State leaders State leaders seeking a budget fall guy, pick energy industry
Desperate to close a $2.2 billion revenue gap in an overdue $32 billion budget for 2017-18, the state Senate has advanced a unique proposal on to the state House.
The Senate has approved a drilling tax on the natural gas industry. In return, the state is promising an expedited permitting process on new drilling activity.
In other words, the state and the industry both get something they have wanted for a long time.
As expected, business groups are pushing back against the proposal, claiming the increased energy taxes will hurt the industry’s competitive standing, trigger higher bills for consumers and frighten away investment.
All that is probably true. What’s also true is that the state has a budget shortfall that needs to be solved – like yesterday.

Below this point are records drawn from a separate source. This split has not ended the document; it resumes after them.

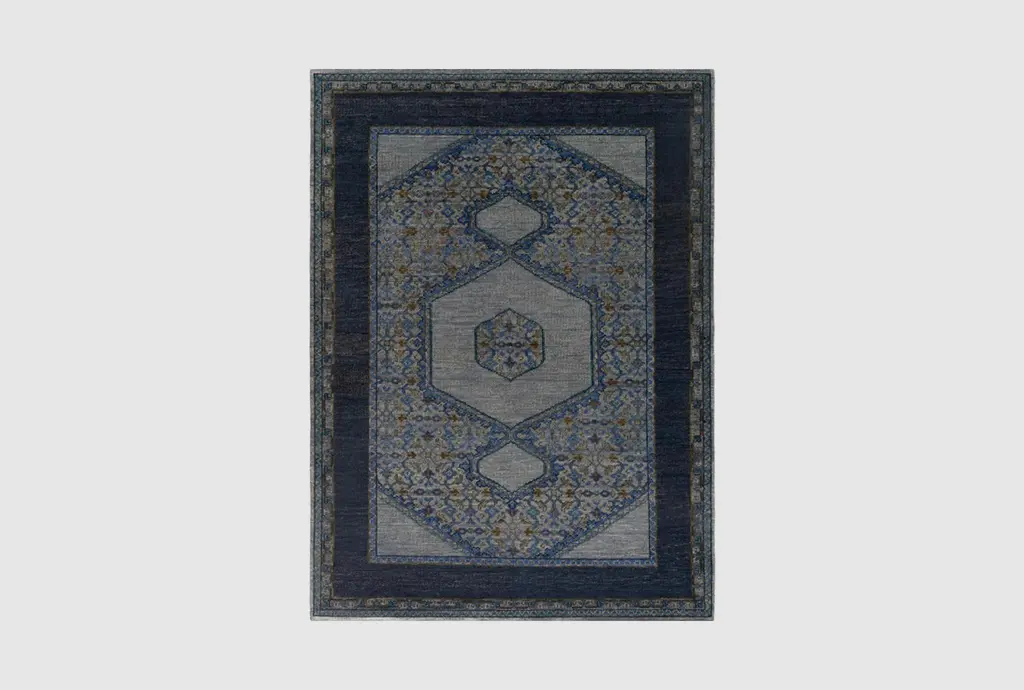 This exquisite 8'x8' Square Rug in Massimo Navy is the perfect addition to any contemporary dining room, crafted from high-quality fiber for durability and lasting style.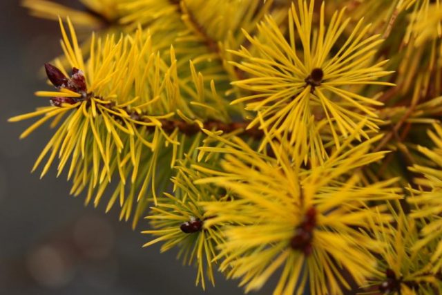 El crecimiento joven es cremoso, en verano se vuelve amarillo dorado. Luego, las agujas cambian gradualmente de color a verde. En sombra parcial, el color de las agujas del abeto canadiense Rainbow End no es demasiado brillante. Si los rayos del sol son muy escasos, el color amarillo aparece débilmente.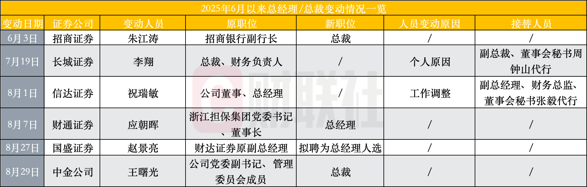 在近期券商行业高管密集调整的大背景下,总经理 / 总裁变动则相对稳定。据不完全统计,6月至今,共6家券商涉及总经理/总裁职位调整,变动频率显著低于其他高管层级。

We understand that it may be time for a modest severance tax on the gas industry in Pennsylvania in addition to the existing impact fee. Much of the $1.2 billion that has been generated by the impact fee since 2012 has been distributed to communities hosting the industry.
These revenue generating solutions would be easier to swallow if it was obvious the state’s leadership had done everything possible to limit the budget’s expense side of $32 billion, which is about 40 percent more than a decade ago. We are very skeptical of that and we hold multiple parties responsible for the budget’s size.
But the state does need to get a budget in place before it teeters on bankruptcy.
However, when consumers are receiving higher energy bills a year from now, they need to let lawmakers, not the business, know about their unhappiness. Loose spending – not a greedy energy industry – is the culprit.